Chapter Twelve

Chapter Twelve

“What?” Adriano roared in the middle of the boardroom, startling a bunch of clients and businessmen into silence.

“She fell,” Fabi repeated, her voice nearly hysteric.

He reached for the back of the chair, bile rising up through his throat. He didn’t have to ask his sister who “she” was. There was only one person who could cause such worry in Fabi’s voice and now, in Adriano.

“How is she, Fabi?” he said, somehow forming the words. “What happened?

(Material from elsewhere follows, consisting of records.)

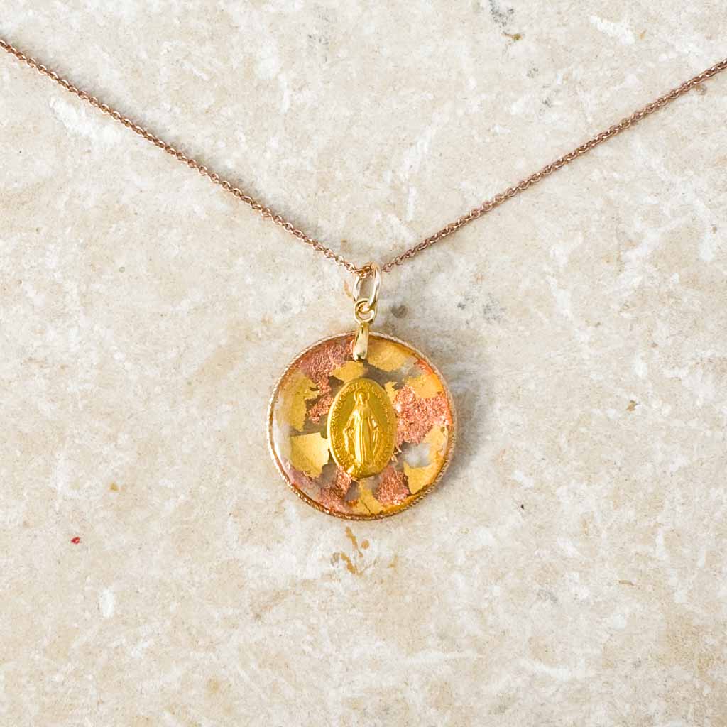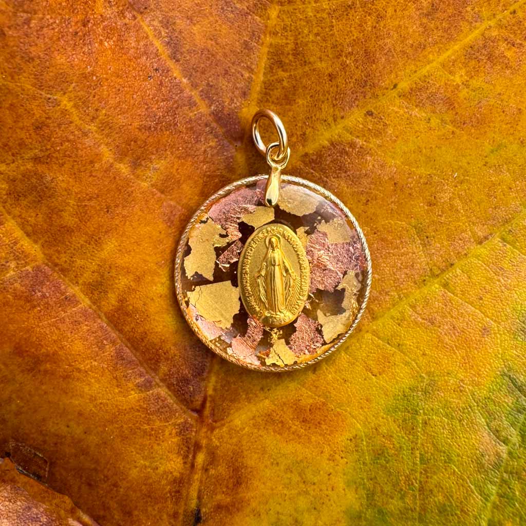 Uno dei miei piaceri è quello di sublimare la medaglia miracolosa. È come se ciò che creo intorno ad essa raccontasse la storia di una delle sue grazie particolari. Questo modello è la storia di una medaglia radiosa. Sembra che trafigga lo spazio con l'intensità della sua luce, l'oro e il rame liberamente combinati, incendiandosi a vicenda. Ogni medaglia sarà leggermente diversa, ma con lo stesso spirito, perché questa è una creazione della mano e del cuore umano, non il lavoro senza vibrazioni di una macchina. Spero che portare questo fuoco al collo conquisti il vostro cuore e la vostra anima. Che la vita, piena di amore infinito, sia infuocata!
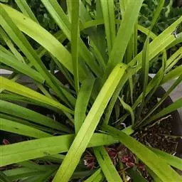 叶型有细叶、中宽叶、宽叶等;以细叶及中宽叶为多见,半垂形,叶缘有细锯齿;叶4~6片丛生,线型,长30~40cm,宽0.3~1cm左右,3~4片叶鞘紧抱有力,长势厚实,优美飘逸;尚有叶艺、奇叶、矮种等;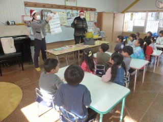 今日はMichael先生とキヨタ先生がサンタさんの帽子を被ってきてくれました![]()

Where is she?”

His sister rattled on so fast that only every other word came through the bad connection. He fought the urge to scream at her down the line, knowing it would only distress her even more. “Breathe, Fabi. And tell me what happened. Slowly, per favore ,” he said, begging now.

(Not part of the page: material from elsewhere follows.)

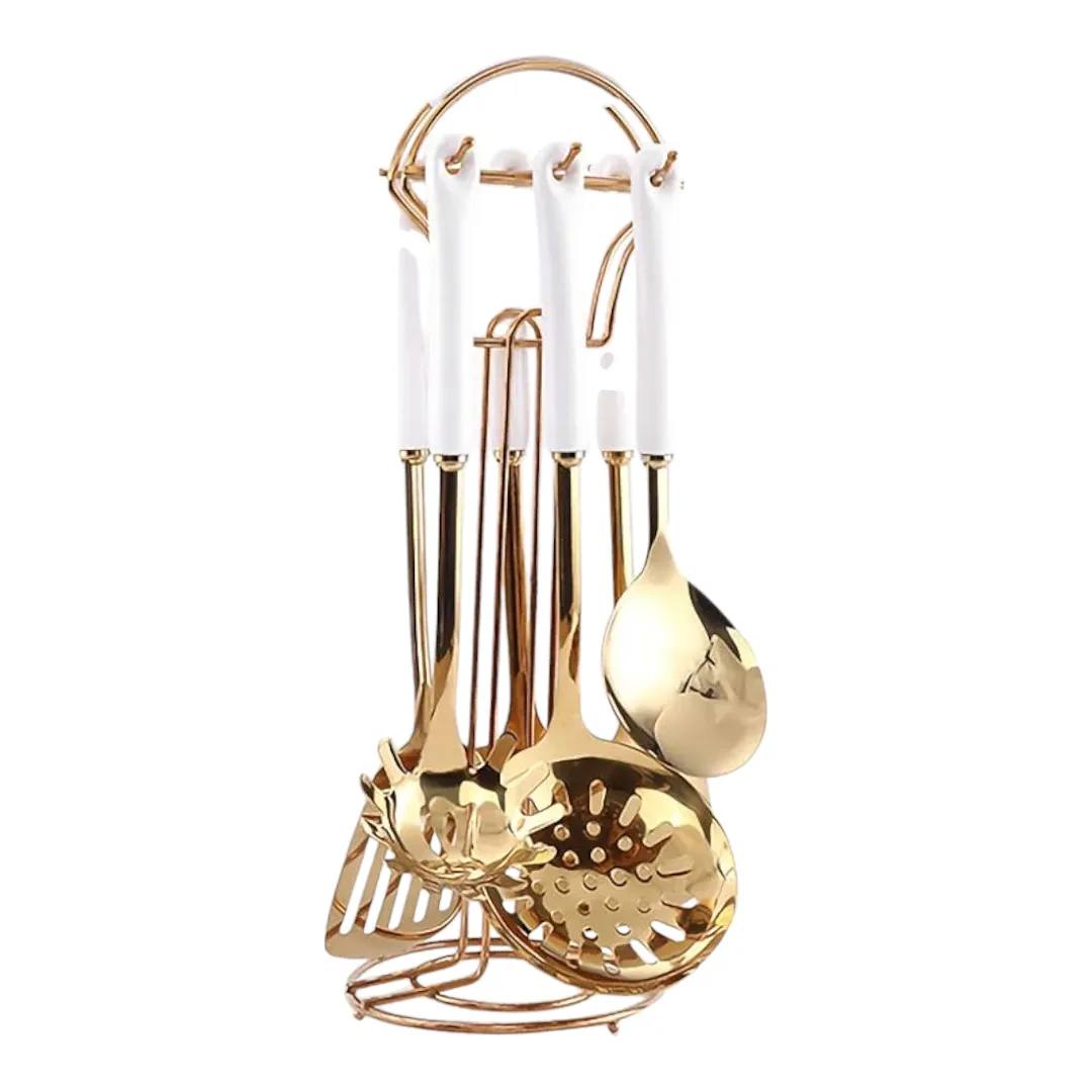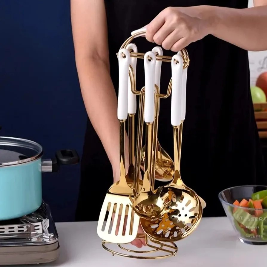 AQUAX Juego de utensilios de cocina de acero inoxidable de siete piezas (oro blanco). Utensilios de cocina 7 piezas con estante colgante. Incluye cuchara grande ranurada, cucharón de sopa, espátula.

A few moments of silence later, Fabi said, “I should’ve told you first that she and the babies are fine. It was a minor concussion and she’s been under observation the whole time. In fact, now that I think about it, Nyra is going to kill me for calling you. But I was so scared, and I knew you’d want to know.”

Gratitude and relief crowded in, choking the fear out of his body. Adriano cursed, rubbed his hand over his temple and prayed to the god he’d never believed in for patience. “I am glad you called. Hey, Fabi. Did I tell you that you are my favorite sibling?”

She giggled down the line, relief powering her laughter more than humor or affection. “She made me promise not to tell you. I’ve grown fond of her, and now…I broke the promise.”

For just a second, all his insecurities, all his fears that he couldn’t give Nyra everything she deserved came back, pummeling him.

No , he told himself, pushing those fears back. He was being ridiculous.

Nyra was six and a half months pregnant with his children. She was thriving, and happy, if uncomfortable most nights. And days. She had such a thin frame with barely any hips and his two daughters—God had granted him one wish of his—were growing so rapidly, that they were putting too much strain on their mother’s pelvis. She had been advised bed rest for the last month.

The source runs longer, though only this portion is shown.